## ACTIVITY
Repeat exactly the stretch of lines that starts with the one containing "Standardní lednice s" and ends with the last line of the material. Leave out pictures.

## GIVEN DATA
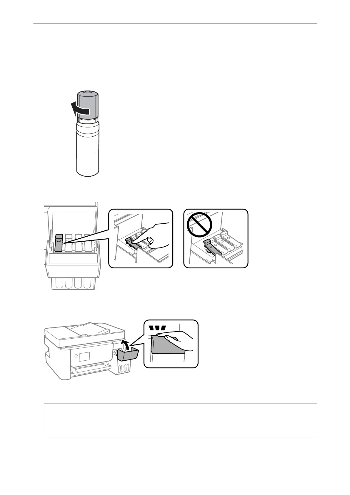If any ink remains in the ink bottle, tighten the cap and store the bottle upright for later use.
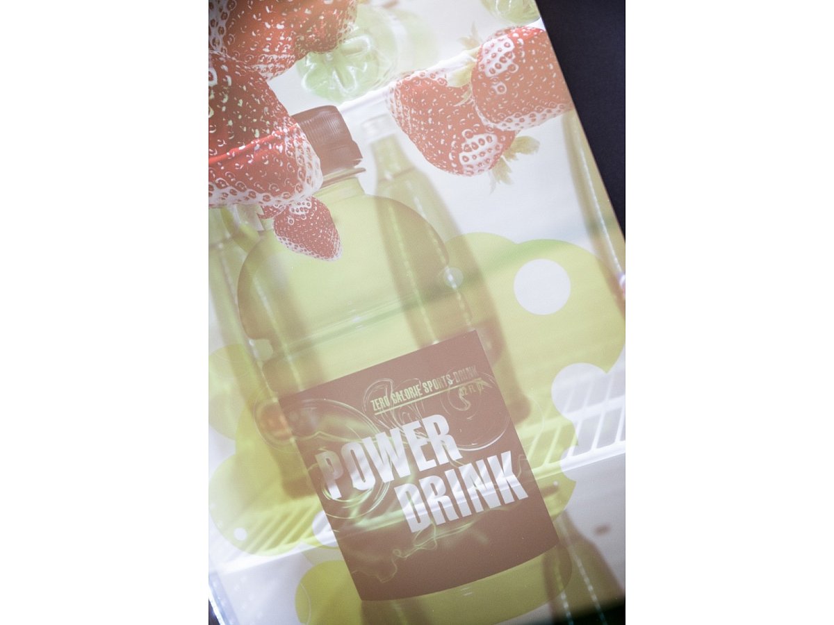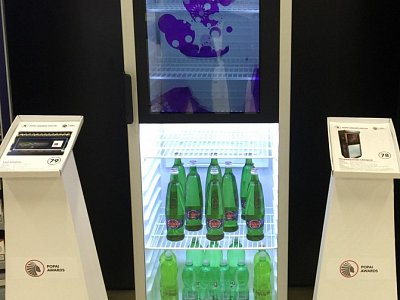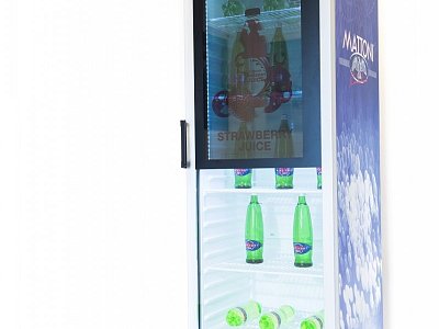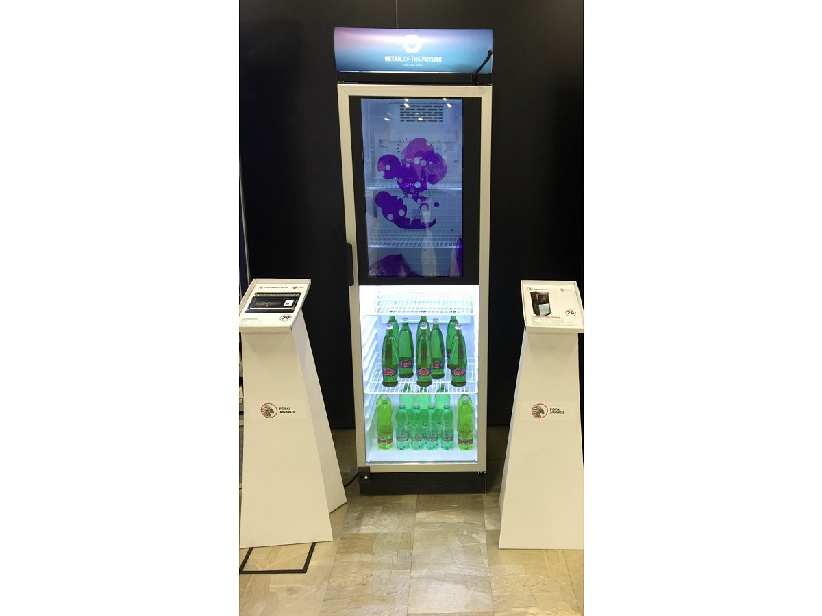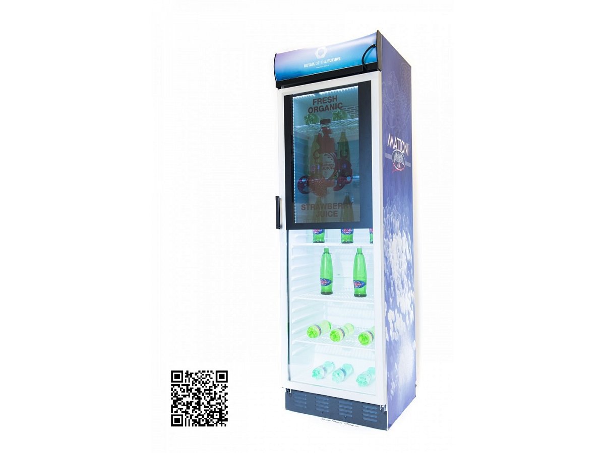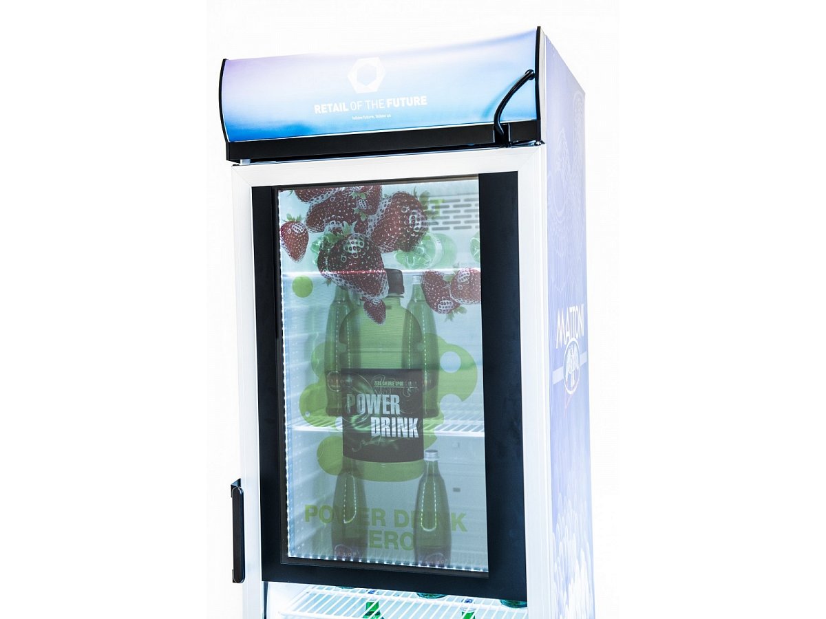 Standardní lednice s průhledným screen zabudovaným ve skleněných dveřích. Ovládání přes mini počítač s možností vzdálené správy, takže změnu vizuálů na screenu zvládne i samotný klient.
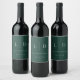 Emerald Green Minimalist Monogram Wedding Wine Label

## ANSWER FOR THIS EXERCISE
 Standardní lednice s průhledným screen zabudovaným ve skleněných dveřích. Ovládání přes mini počítač s možností vzdálené správy, takže změnu vizuálů na screenu zvládne i samotný klient.
 Emerald Green Minimalist Monogram Wedding Wine Label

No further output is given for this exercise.